Developed by Bill James for Baseball, the Pythagorean Expectation is used to determine the Winning Percentage of a team based on the number of runs the team has scored and the number of runs the team has allowed. In the case of basketball, the points scored and conceded by each team are considered instead of runs scored.

Here, the RHS of the equation is the Pythagorean Expectation. So, in essence, the points scored and conceded by the team are used to estimate the Win Percentage of the team. This means that the Pythagorean Expectation has a strong correlation with the Win Percentage of the team.

Consider the recent 2021–22 NBA Regular Season. If we calculate the Pythagorean Expectation and Win Percentage for each team and plot them on the X & Y axis respectively, we get the following graph.

As expected, there is a strong correlation between the Pythagorean Expectation and the Win Percentage. Moreover, the correlation coefficient between the 2 variables is 0.946, to be precise.

Extending this further, we can use the Pythagorean Expectation to predict the game results for each team in the regular season and postseason. To do this, we make use of the logit model. This model essentially calculates the natural log of the odds of a team winning a game based on the independent variables (i.e. Pythagorean Expectation and Home Team Advantage).

Here is the formula for the logit model.

As shown above, when the natural log of the odds is considered, the RHS of the equation is that of a linear regression. We can then use the natural log of the odds to evaluate the probability of a win. If the probability of a win is greater than 0.5, then the game result is a win. If the probability of a win is less than 0.5, it is a loss.

It should be noted that the logit model is used because the game result is a categorical variable that can have just two distinct values (i.e. win or loss) unlike a regular dependent variable.

Once again, the dataset and the Python code that employs the logit model has been linked as a Google Colab file. (Link at the end of the article).

The variable ‘win’ indicates the game result for every game that every team has played in the entire season which forms the dependent variable. It takes only two values- 1 if the result is win for the team in question, and 0 if the result is a loss for the team in question.

The variable ‘pyth’ indicates the cumulative Pythagorean Expectation over each game, and together with the ‘home’ variable (indicates whether the team in question is playing at home or not, i.e. home = 1 for home games and 0 for away games), become the independent variables.

Let’s now look at the model that is generated.

Using the independent variables, the model generates values for the natural log of the odds of a win for every game that every team plays.
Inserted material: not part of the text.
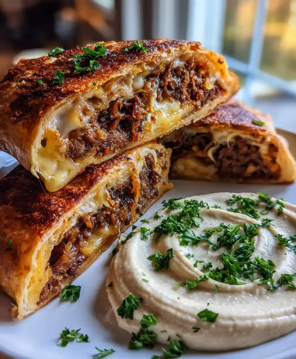 - Cook Beef Filling: Sear beef in the same skillet on high heat for 1-2 minutes per side until browned. Stir in minced garlic, harissa paste, smoked paprika, salt, and pepper, cooking for 2-3 minutes until fragrant. Remove from heat, mix in the caramelized onions, and let cool for 5-10 minutes (add a splash of broth if beef looks dry).
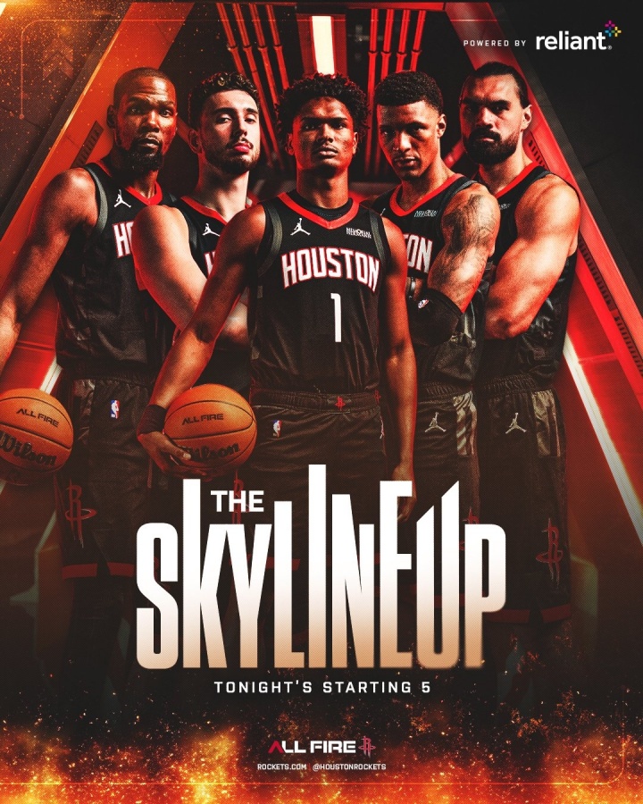 10月22日讯 NBA揭幕战,火箭客场挑战卫冕冠军雷霆。火箭本场比赛首发:阿门-汤普森(2米01)、杜兰特(2米11)、小贾巴里-史密斯(2米11)、申京(2米11)和史蒂文-亚当斯(2米11)。转播方列出火箭先发平均身高:82英寸(2米0828 ),这是自1970-71赛季以来赛季揭幕战首发平均身高最高的球队。

From this, the probability of a win is calculated in every game. As stated earlier, a game result is a win for the team in question only if the obtained probability is greater than 0.5, otherwise it is a loss for the team in question.

We can then generate a confusion matrix to analyze the accuracy of the game results generated by the model.

As it can be seen from the confusion matrix, the model predicted game results with an accuracy of 63.08%

Python Code

As stated earlier, a Google Colab notebook containing the necessary Python code is linked below.

URL: https://gist.github.com/sameerprasadkoppolu/d0300cfd0a682ae0c00319f49d85c952

As for the dataset, it can be accessed and downloaded using the link below

URL: https://drive.google.com/file/d/1xTBQN-2cyl3LEmH8EAsUF60eVwoBEtej/view?usp=sharing

And Finally…

Remember that is article is just an explanatory one. In no way is this article a means to ensure that one who places bets on the results of NBA matches comes out victorious. Nor is it an encouragement to get into sports betting in the first place.

--

--